Results: Data for 99 of the 145 subjects who had received 3 treatment courses (initial course plus two re-treatment courses) of rituximab were analyzed. Baseline characterisitics have been reported here previously (see links above) and were similar for the 99 subjects included in the sub-analysis presented here. Of note, 16% of subjects were seronegative for rheumatoid factor.

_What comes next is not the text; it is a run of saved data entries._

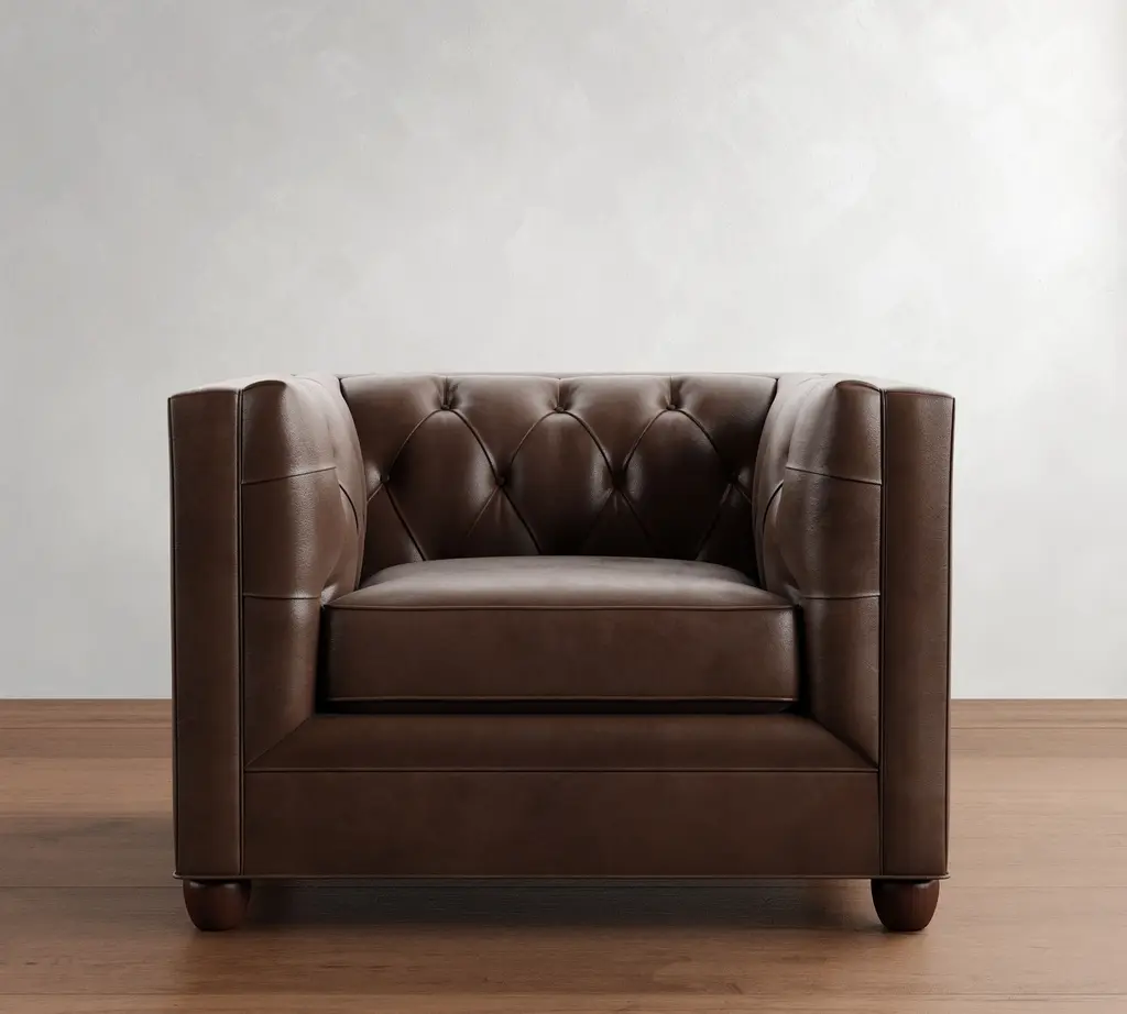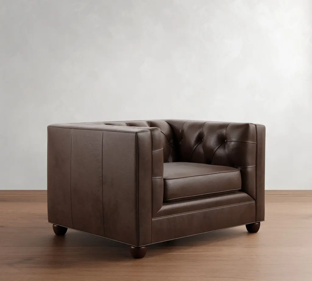 Our popular Chesterfield Leather Collection has a fresh look. The sheltering silhouette and deep button tufting nod to its historical design, but the new square arm makes it feel a touch more modern.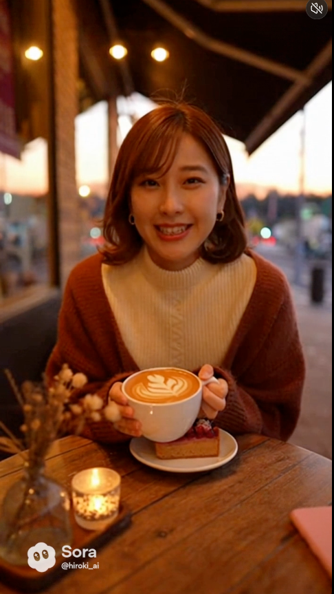 プロンプトの例: 「夕暮れのカフェで、女性がカメラに向かって微笑んでいる。 dialogue: "今日も一日、お疲れ様でした"」
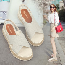 2016新款厚底凉鞋女夏平底简约学生松糕鞋中跟罗马女鞋凉鞋韩国潮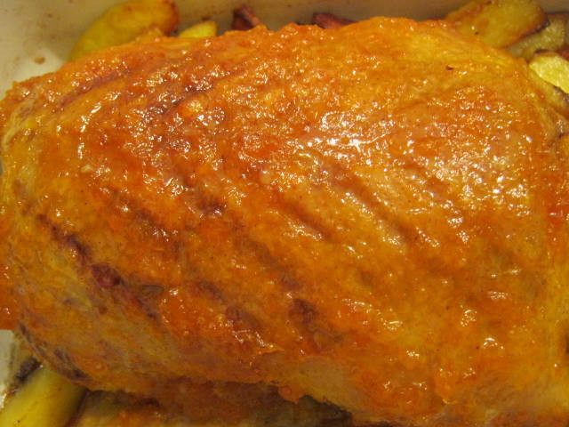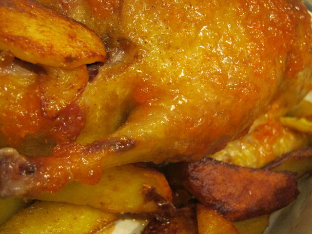 Готовим утку по любому указанному способу. За полчаса до готовности перекладываем утку в чистый противень, наливаем в него немного жира. Далее кладется утка, вокруг нее — дольки отваренного до полуготовности картофеля. печем все вместе в духовке до готовности утки. Подавать с цитрусовым или абрикосовым соусом ( по рецепту глазури выше).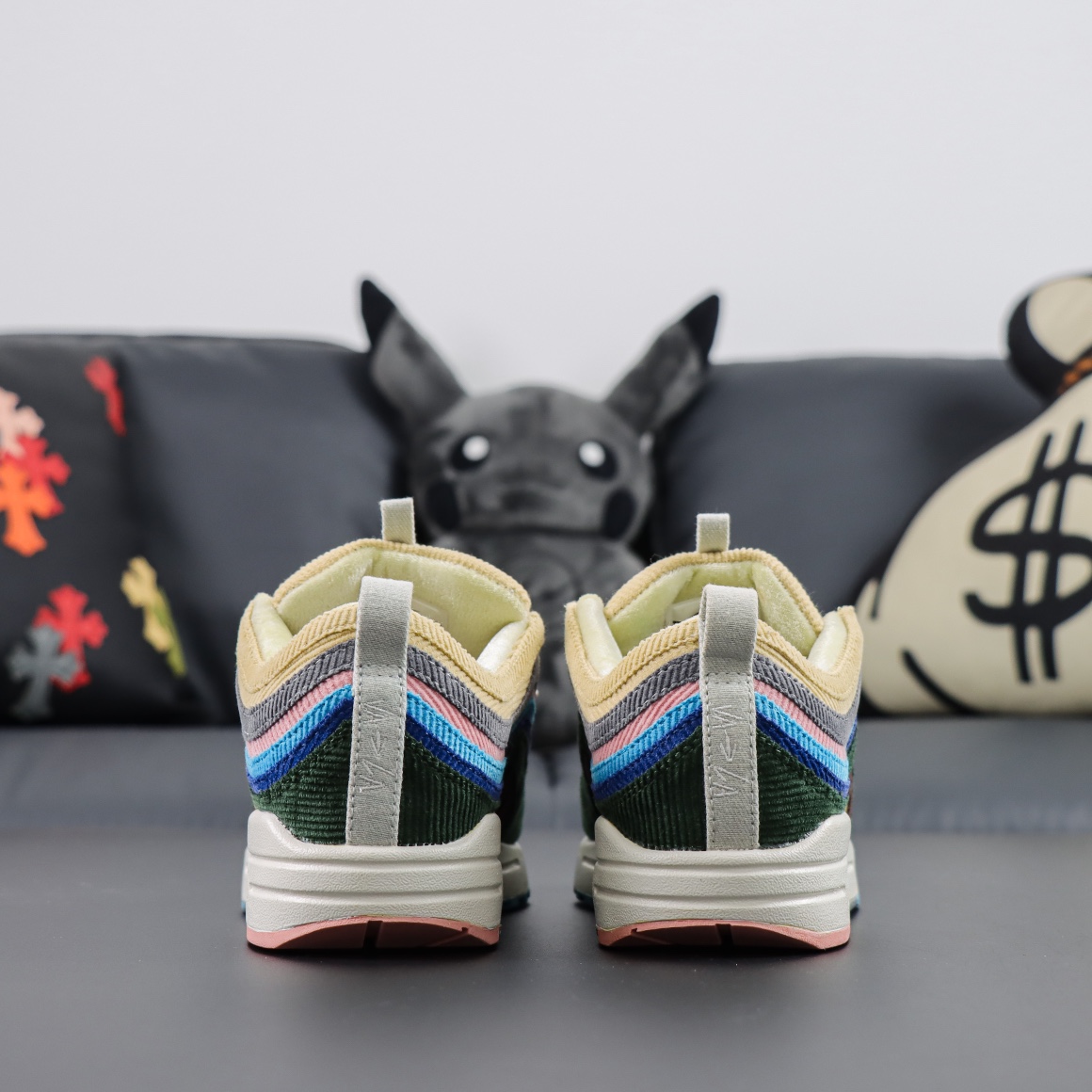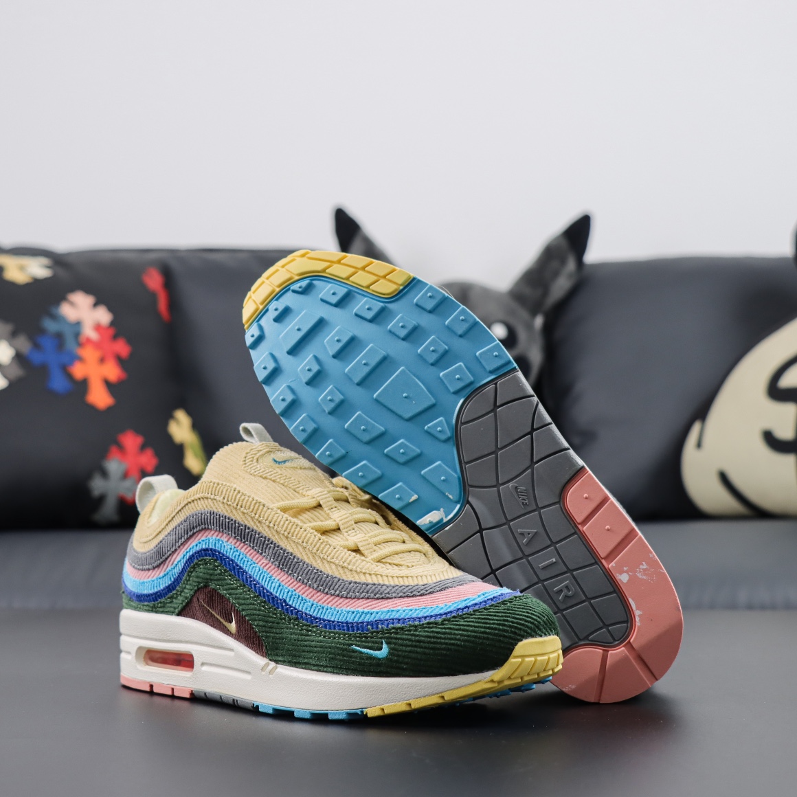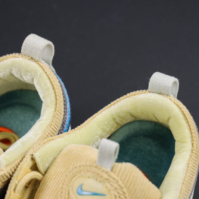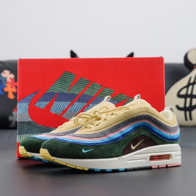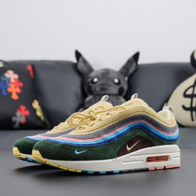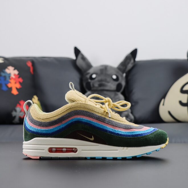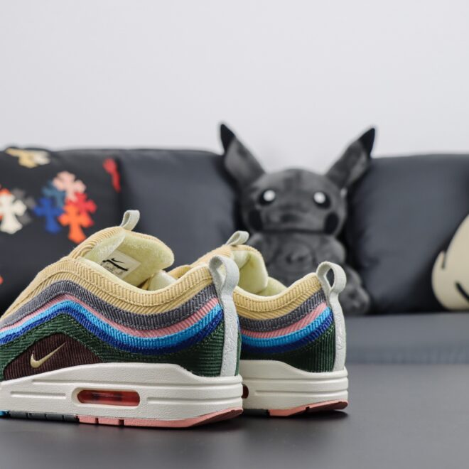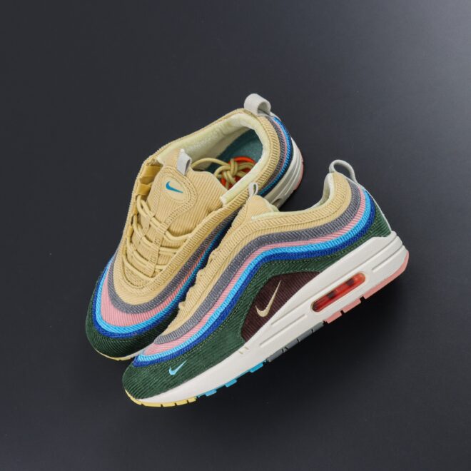 In 2017, Sean Wotherspoon, the owner of a consignment store, entered the Nike Vote Forward contest and crafted a unique design for the Nike Air Max 1/97 sneaker. This winning design was unveiled on Air Max Day in 2018, blending the distinctive wavy upper of the Air Max 97 with the classic midsole of the Air Max 1. Drawing inspiration from his love for vintage fashion, Wotherspoon incorporated elements such as corduroy panels reminiscent of ‘80s Nike caps and a retro smiley face motif on the insole. The shoe’s tongue features interchangeable Velcro patches, adding a playful touch to the overall aesthetic.

| Clinical response after 1st treatment course | Clinical response after 2nd treatment course (1st re-treatment) |
Clinical response after 3rd treatment course (2nd re-treatment) |
|
| ACR20 | 59% | 73% | 60% |
| ACR50 | 27% | 37% | 32% |
| ACR70 | 9% | 15% | 16% |
| EULAR remission (DAS28<2.6) | 8% | 14% | 14% |
In general, repeated treatment responses were similar, if not better than, responses achieved from prior treatment courses. Adverse events tended to be mild and did not increase with repeated treatment courses. A trend toward a greater proportion of subjects with total immunoglobulin levels below the lower limit of normal was seen as the number of re-treatments increased. However, this was not associated with an increased risk of infection within the study interval analyzed. For infusion reactions, the first infusion tended to be associated with the greatest risk of infusion reaction, with the risk decreasing rapidly with subsequent infusions.
Conclusion: In RA patients with incomplete responses to previous non-biologic DMARDs, repeated treatment courses (up to three total courses) were associated with sustained clinical efficacy and no apparent increase in toxicity.
Editorial Comments: Some of the obvious concerns about repeated infusions of rituximab, such as the possibility that clinical efficacy will diminish or that adverse events will increase over time, are not supported by this analysis. Although this is reassuring, the clinical trails data from which these results derive may not be absolutely ideal for assessing these issues. For one, subjects who remain in a clinical trial into the open-label phase are more likely to have had a favorable response and less likely to have had a serious adverse event. Thus, as the number of infusions increases, the population becomes more and more skewed towards those with the best overall responses. However, there is no better available source for this data and, until rituximab becomes more widely prescribed, data from real-world population based effectiveness studies will not be available.